France’s Citroen had been “in existence” since 1919, but it was the arrival of the 2CV in 1948 that propelled them to the bigger leagues. Mention must be made of one of the most ingenious cars of all time – the two-stroke Trabant – which put East Germany back on the road in the 50s. It was the Eastern Bloc “Beetle”, with a waiting list longer than its production line.  

Since Peugeot began in 1889, over 200 major car brands—and nearly 1,000 including all variants—have emerged worldwide.

Photo credit: Shutterstock

Spain’s first car was the Seat (cloned from Fiat).   Japan’s Fuji Heavy Industries recovered enough by 1953 to launch Subaru; Isuzu was re-launched, and in 1960 another Japanese company (which began by making corks!) introduced the Mazda; South Korea brought the Hyundai; long-rooted Jaguar and Aston Martin became street prominent in the 60s and 70s, and Land-Rover dragged the world into an entirely new concept with the Range-Rover.  

Russia’s vehicles have not generally been offered or appealed to the world market, with the exception of the Lada (based on a Fiat).  

The Russian UAV – a compact 4WD with some very good simple design features but very crude engineering - was briefly on sale in Kenya.

BTVs like Africar (made of plywood) were similarly transient.

As the consequences of war receded, British companies produced a rash of new brands, including Hillman, Sunbeam, Triumph, Riley and Wolseley (all subsumed by Chrysler, PSA or British Leyland in the 70s and 80s). 

This was also the time of mergers and acquisitions in the USA, rationalising a too-numerous-to-name list under giant umbrellas like GM and Chrysler. 

Into this maw, in the wake of Husdson and Nash, went legendary names like Pontiac, Oldsmobile, Saturn, Hummer and AMC and even non-American brands like Germany’s Opel, Sweden’s Saab, and much else. Kenya’s Isuzu Uhuru was...an Opel, made by GM.

It was an era that produced some of the shortest-lived brands – Canada’s Bricklin lasted two years, and USA’s De Lorean seven years.   

In this period Holland moved focus from military vehicles to small cars with the DAF, which had a unique V-belt “variomatic” transmission system (only now being equalled by others). The Dutch tried again with the Spyker at the start of this Century.

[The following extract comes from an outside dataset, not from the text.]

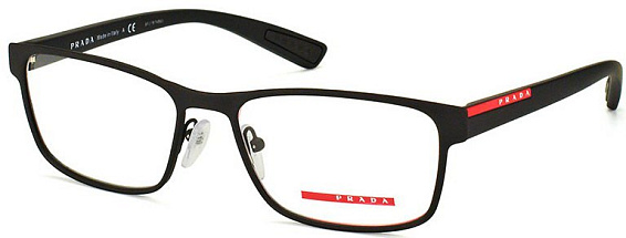 Прямоугольные очки, из материала пластик и цвете черный помогут понять основные черты новой коллекции оправ модного бренда PRADA.
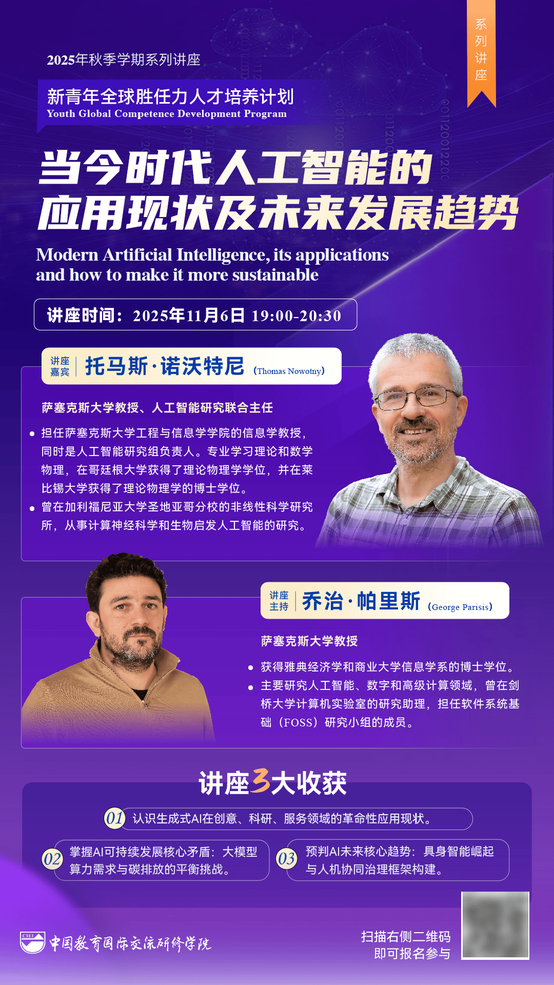 “走向世界的新青年”系列讲座2025年秋季学期第三场特邀英国萨塞克斯大学人工智能联合主任、信息学教授托马斯·诺沃特尼(Thomas Nowotny),带来主题为“当今时代人工智能的应用现状及未来发展趋势”的深度分享。托马斯教授将结合其在人工智能、计算神经科学与可持续发展领域的多年研究,系统解析生成式AI的广泛应用、AI与可持续发展的平衡之道,以及人机协同的未来图景。 . N6 g5 o2 L( C* v' K

Still a work in progress?

The 80s and 90s were more about group business manoeuvres than entirely new brands, but Malaysia brought the Proton, South Korea introduced Daewoo (later absorbed by GM), and three Japanese manufacturers rebranded their separate luxury car operations - Honda called theirs Acura, Toyota launched Lexus, and Nissan offered the Infiniti. 

The biggest “new” name was Tata, a gigantic industrial and investment conglomerate from India, which counted trucks among its many products since 1945, and produced its first passenger vehicles from 1991.

Post Milennium

Since the start of the 21st century, electrification has come to the fore with Tesla (USA), Byd Auto (China), Rivian (USA), NIO (China), Lucis Motors/Atieva (USA), XPeng (China) and VinFast (Vietnam).
The majority of established manufacturers around the world have also launched an assault on the battery.

The “national” identity of brands is nowadays much blurred by increasingly diverse sourcing and local assembly, which ranges from “semi-knocked down” to “completely knocked down” kits, with very varied “local content” substitution levels, to almost full off-site manufacture. Many brand names and some countries, perhaps omitted here, exist in that sphere.  Australia and Brazil, for instance.